- What is required -
Return the whole listing exactly, omitting the pictures.

- Source data -
········

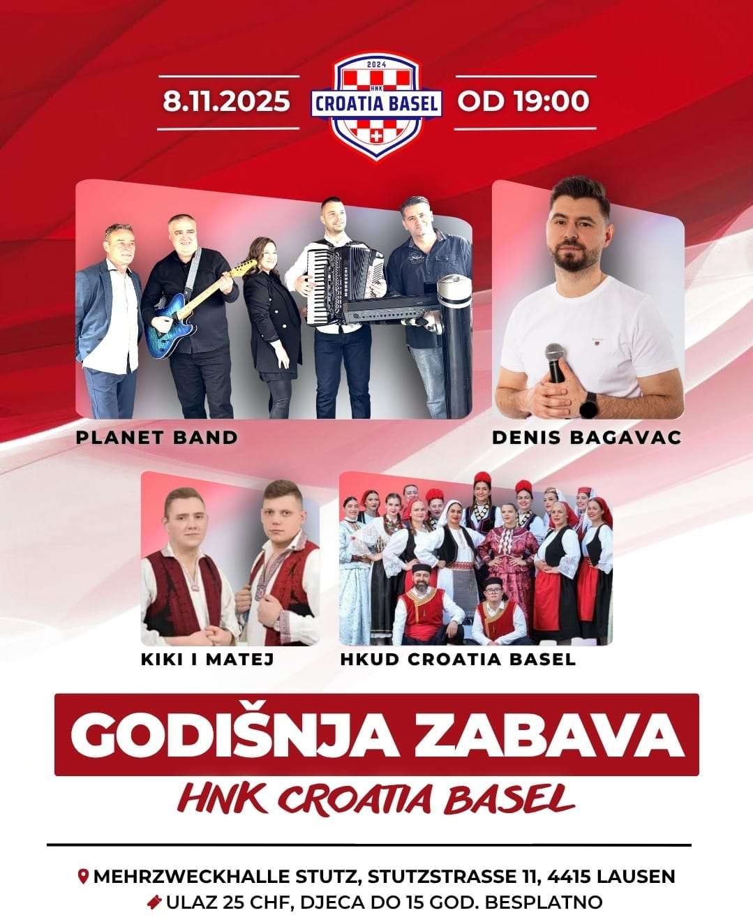 Tri tjedna kasnije, u subotu, 8. studenog 2025., hrvatska zajednica ponovno se okuplja, ovoga puta na Godišnjoj zabavi HNK Croatia Basel, koja će se održati u Mehrzweckhalle Stutz u Lausen (Stutzstrasse 11, 4415 Lausen), također s početkom u 19:00 sati.
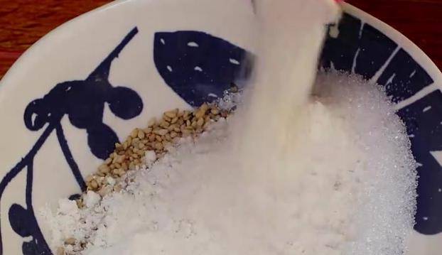 我們來調一下餡,碗中放入30克的白棉糖,一把的黑芝麻,一把的白芝麻,10克面粉,攪拌均勻,我們的餡料就做好瞭。加入的面粉使餡料不宜外流,不宜燙嘴,面放涼以後放在案板上,面團搓成長條,下成大小不均的小劑子,取出面團用手心按扁,按成中間厚邊緣薄,包上餡料。
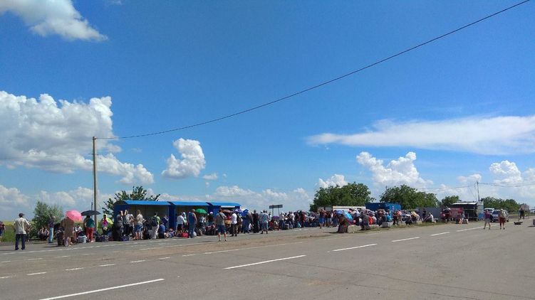 Тем временем очевидцы сообщают, что очередь на блокпосту со стороны Донецка движется очень медленно и многие вынуждены оставаться ночевать и составлять списки очереди.
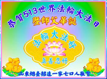 今年是世界法轮大法洪传三十周年,在师尊华诞和五·一三法轮大法日到来之际,在此真诚祝贺!感谢师父的慈悲保护弟子才走到了今天,谢谢师父!弟子以后会做好三件事,以谢师恩! 山东大法弟子敬上 山东省烟台市龙口市一大法弟子家人敬贺法轮大法日!

········

- Written solution -
 Tri tjedna kasnije, u subotu, 8. studenog 2025., hrvatska zajednica ponovno se okuplja, ovoga puta na Godišnjoj zabavi HNK Croatia Basel, koja će se održati u Mehrzweckhalle Stutz u Lausen (Stutzstrasse 11, 4415 Lausen), također s početkom u 19:00 sati.
 我們來調一下餡,碗中放入30克的白棉糖,一把的黑芝麻,一把的白芝麻,10克面粉,攪拌均勻,我們的餡料就做好瞭。加入的面粉使餡料不宜外流,不宜燙嘴,面放涼以後放在案板上,面團搓成長條,下成大小不均的小劑子,取出面團用手心按扁,按成中間厚邊緣薄,包上餡料。
 Тем временем очевидцы сообщают, что очередь на блокпосту со стороны Донецка движется очень медленно и многие вынуждены оставаться ночевать и составлять списки очереди.
 今年是世界法轮大法洪传三十周年,在师尊华诞和五·一三法轮大法日到来之际,在此真诚祝贺!感谢师父的慈悲保护弟子才走到了今天,谢谢师父!弟子以后会做好三件事,以谢师恩! 山东大法弟子敬上 山东省烟台市龙口市一大法弟子家人敬贺法轮大法日!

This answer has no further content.